Input data -
[Start of Attachment]
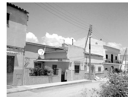
Carrer de Son Fangos. Les tres primeres cases
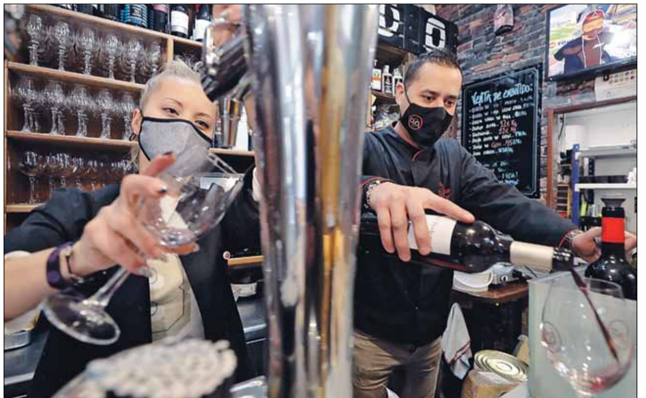
Pese a las restricciones, algunos de los hosteleros no se rinden y seguirán sirviendo en las terrazas. RAMIRO
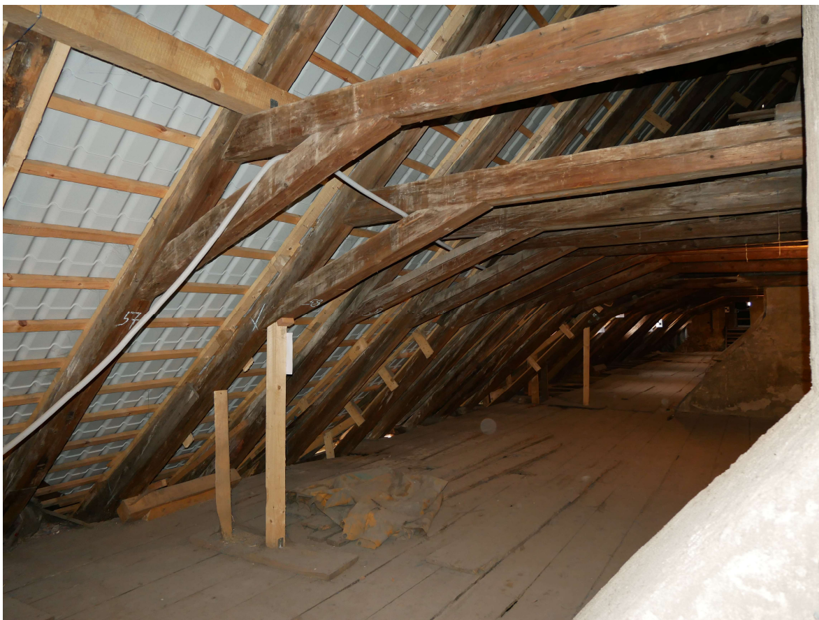
340 – severní strana krovu, provizorní podpory nefunkčních vazeb krovu
[End of Attachment]
Omit pictures and output the listing exactly.

Answer to this exercise -
Carrer de Son Fangos. Les tres primeres cases
Pese a las restricciones, algunos de los hosteleros no se rinden y seguirán sirviendo en las terrazas. RAMIRO
340 – severní strana krovu, provizorní podpory nefunkčních vazeb krovu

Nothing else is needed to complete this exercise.